# WORK ORDER
Restate the listing below word for word. No picture belongs in the result.

# DATA TO USE
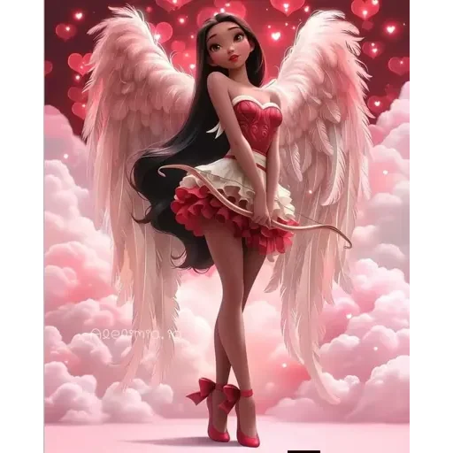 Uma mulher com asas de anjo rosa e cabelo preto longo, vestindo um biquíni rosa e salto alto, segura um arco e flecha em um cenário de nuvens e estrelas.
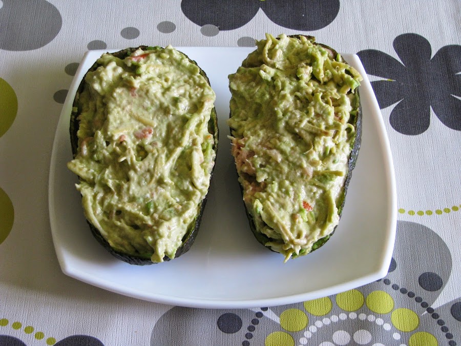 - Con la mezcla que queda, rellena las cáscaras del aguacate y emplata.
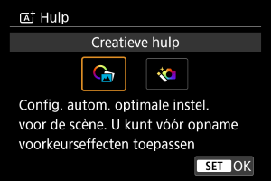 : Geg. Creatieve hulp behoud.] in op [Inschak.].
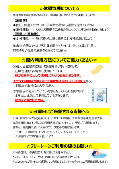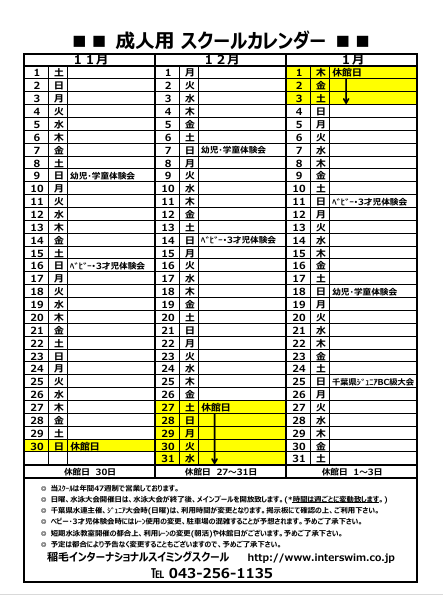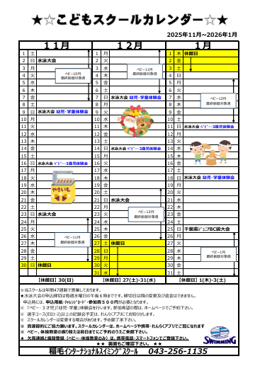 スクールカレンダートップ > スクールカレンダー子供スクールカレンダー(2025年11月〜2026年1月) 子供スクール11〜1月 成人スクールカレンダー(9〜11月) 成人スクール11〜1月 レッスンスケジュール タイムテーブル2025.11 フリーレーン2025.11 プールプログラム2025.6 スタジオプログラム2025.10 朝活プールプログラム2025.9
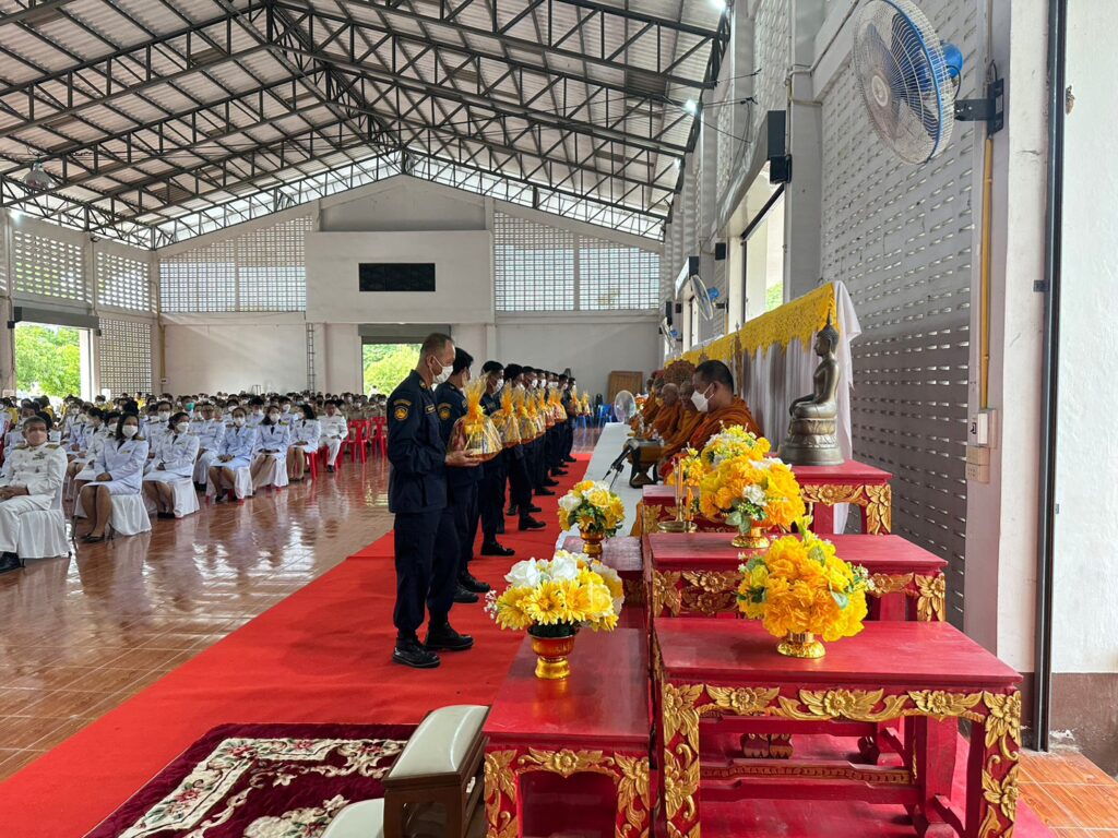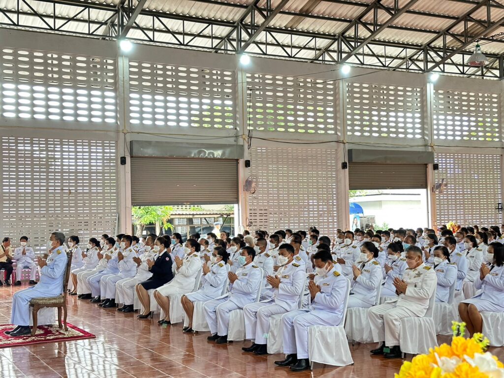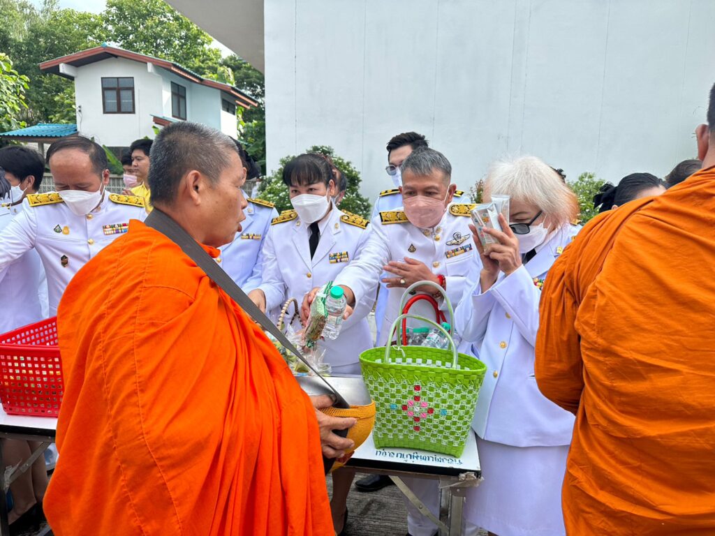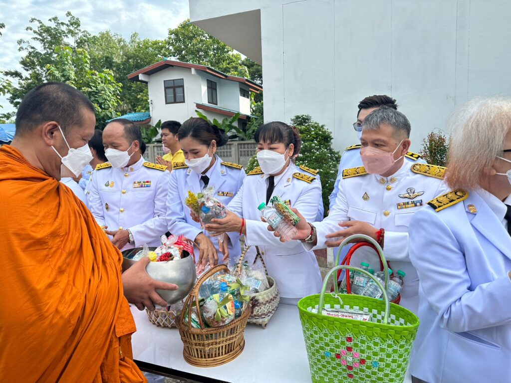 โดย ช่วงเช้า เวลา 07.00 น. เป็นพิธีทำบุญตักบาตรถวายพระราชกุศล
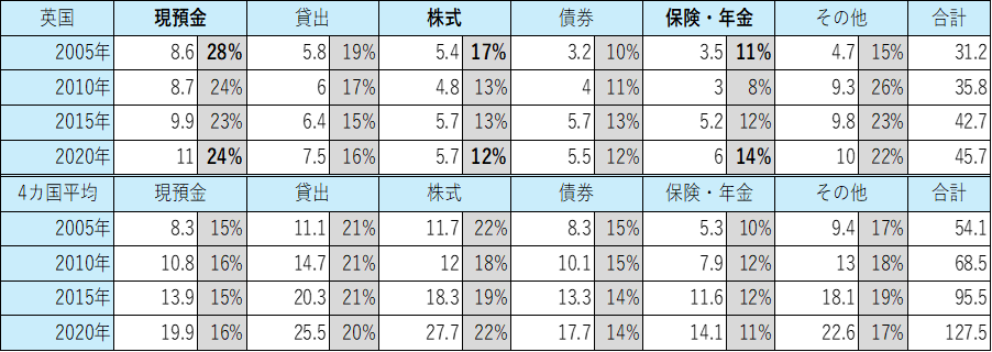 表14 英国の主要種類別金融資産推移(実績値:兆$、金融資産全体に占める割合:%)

# ANSWER SECTION
 Uma mulher com asas de anjo rosa e cabelo preto longo, vestindo um biquíni rosa e salto alto, segura um arco e flecha em um cenário de nuvens e estrelas.
 - Con la mezcla que queda, rellena las cáscaras del aguacate y emplata.
 : Geg. Creatieve hulp behoud.] in op [Inschak.].
 スクールカレンダートップ > スクールカレンダー子供スクールカレンダー(2025年11月〜2026年1月) 子供スクール11〜1月 成人スクールカレンダー(9〜11月) 成人スクール11〜1月 レッスンスケジュール タイムテーブル2025.11 フリーレーン2025.11 プールプログラム2025.6 スタジオプログラム2025.10 朝活プールプログラム2025.9
 โดย ช่วงเช้า เวลา 07.00 น. เป็นพิธีทำบุญตักบาตรถวายพระราชกุศล
 表14 英国の主要種類別金融資産推移(実績値:兆$、金融資産全体に占める割合:%)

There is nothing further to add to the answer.